Your instructions:
Begin with the line below holding "Индекс туристской избирательности" and go on through the line holding "Beautiful home in", duplicating each line exactly and leaving out pictures.

Records supplied:
%%

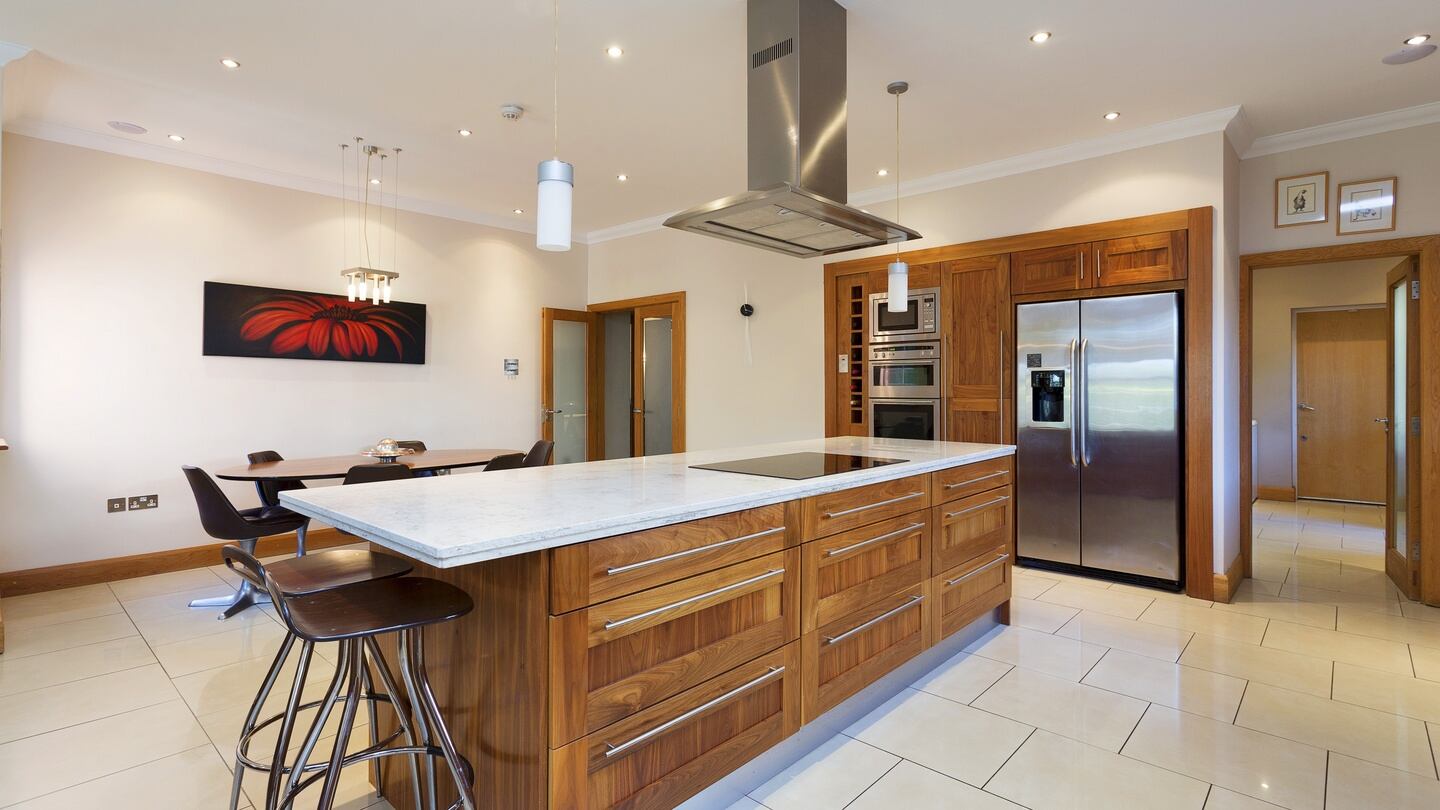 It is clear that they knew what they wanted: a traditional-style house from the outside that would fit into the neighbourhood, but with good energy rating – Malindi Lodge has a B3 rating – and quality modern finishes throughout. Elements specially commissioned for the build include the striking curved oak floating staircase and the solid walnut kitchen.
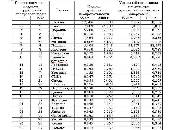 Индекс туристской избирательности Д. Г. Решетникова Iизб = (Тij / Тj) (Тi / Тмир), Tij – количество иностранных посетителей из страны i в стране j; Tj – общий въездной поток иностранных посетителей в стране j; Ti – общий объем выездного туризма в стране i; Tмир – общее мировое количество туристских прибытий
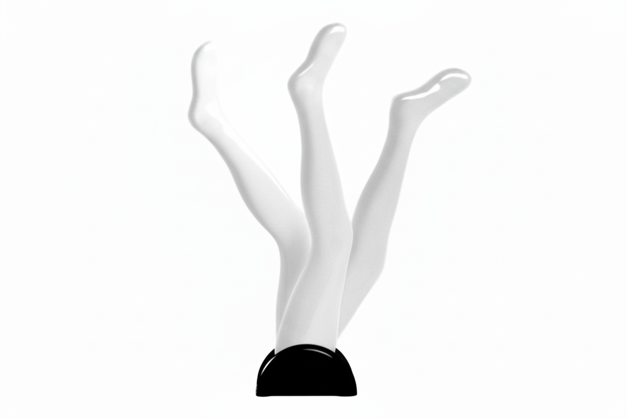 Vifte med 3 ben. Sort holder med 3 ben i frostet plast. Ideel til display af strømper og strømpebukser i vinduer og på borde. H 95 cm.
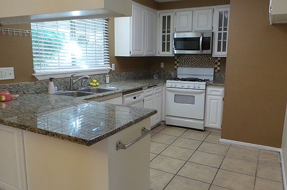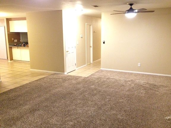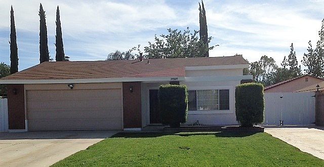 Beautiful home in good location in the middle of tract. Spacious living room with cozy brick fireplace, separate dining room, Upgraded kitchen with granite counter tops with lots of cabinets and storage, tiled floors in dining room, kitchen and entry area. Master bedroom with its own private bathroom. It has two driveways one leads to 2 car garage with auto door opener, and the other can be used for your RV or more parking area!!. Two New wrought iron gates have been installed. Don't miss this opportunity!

%%
%%

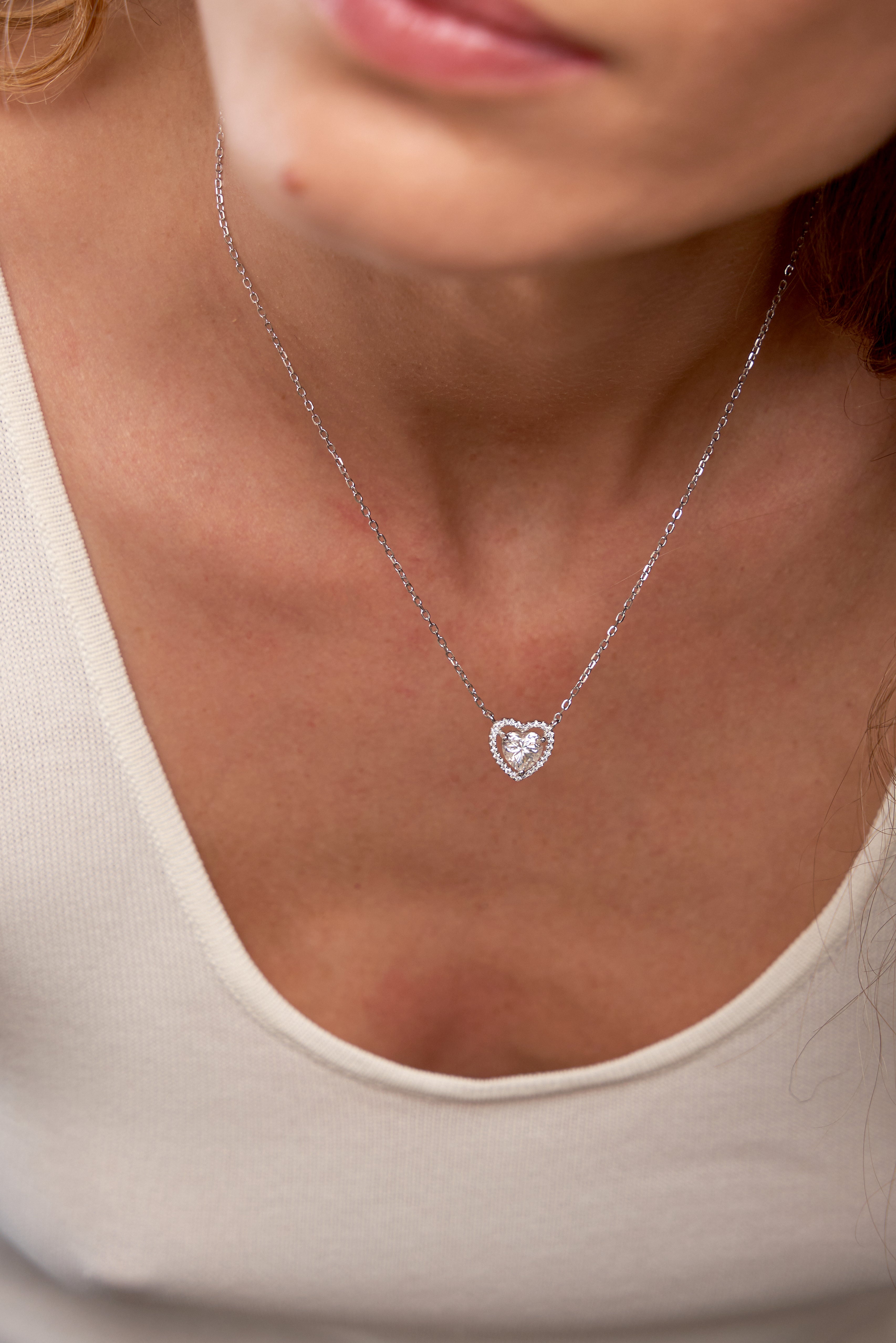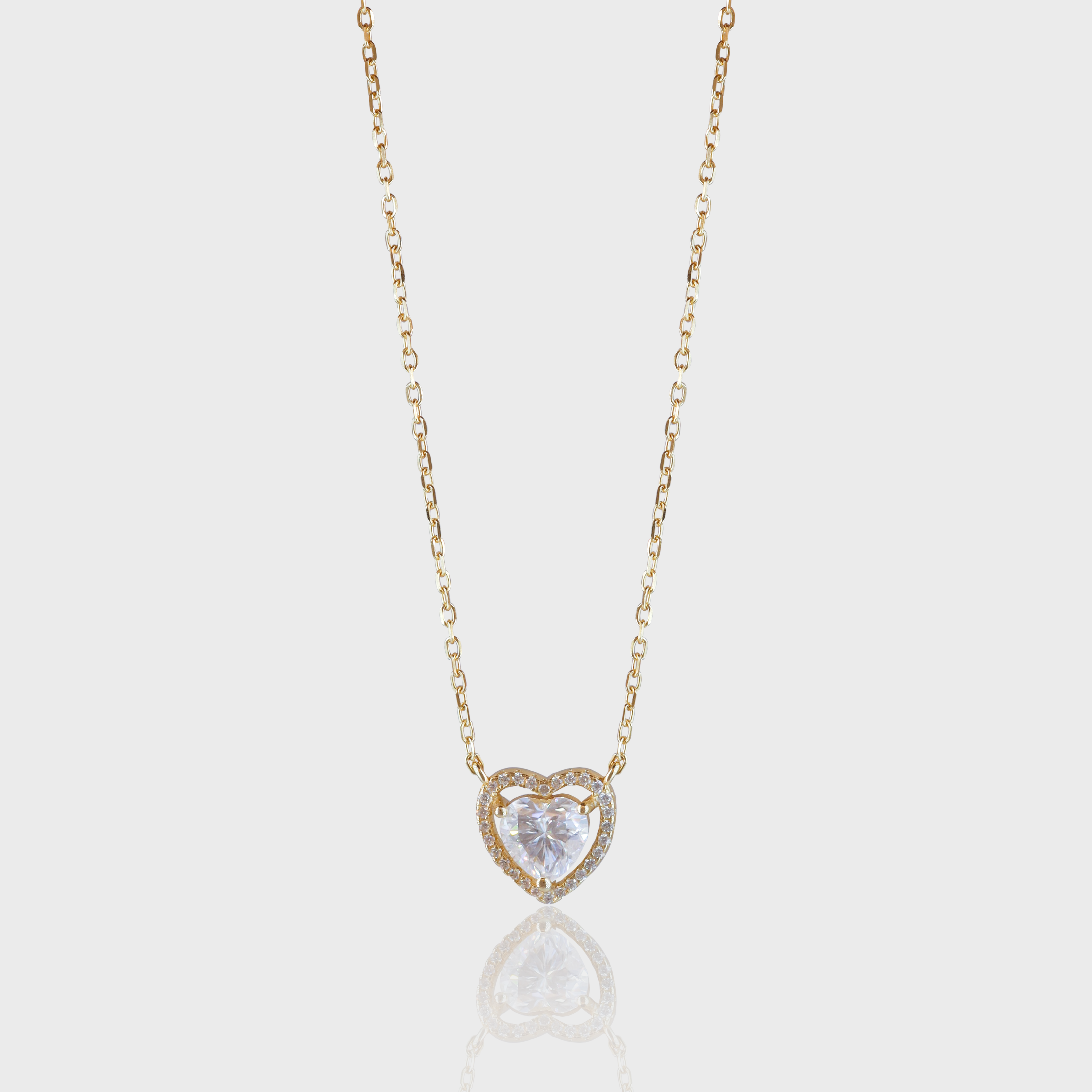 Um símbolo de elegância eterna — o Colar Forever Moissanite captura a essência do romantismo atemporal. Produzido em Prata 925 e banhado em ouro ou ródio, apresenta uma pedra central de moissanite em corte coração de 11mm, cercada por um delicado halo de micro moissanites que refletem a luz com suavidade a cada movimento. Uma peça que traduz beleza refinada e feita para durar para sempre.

%%

Written answer:
 Индекс туристской избирательности Д. Г. Решетникова Iизб = (Тij / Тj) (Тi / Тмир), Tij – количество иностранных посетителей из страны i в стране j; Tj – общий въездной поток иностранных посетителей в стране j; Ti – общий объем выездного туризма в стране i; Tмир – общее мировое количество туристских прибытий
 Vifte med 3 ben. Sort holder med 3 ben i frostet plast. Ideel til display af strømper og strømpebukser i vinduer og på borde. H 95 cm.
 Beautiful home in good location in the middle of tract. Spacious living room with cozy brick fireplace, separate dining room, Upgraded kitchen with granite counter tops with lots of cabinets and storage, tiled floors in dining room, kitchen and entry area. Master bedroom with its own private bathroom. It has two driveways one leads to 2 car garage with auto door opener, and the other can be used for your RV or more parking area!!. Two New wrought iron gates have been installed. Don't miss this opportunity!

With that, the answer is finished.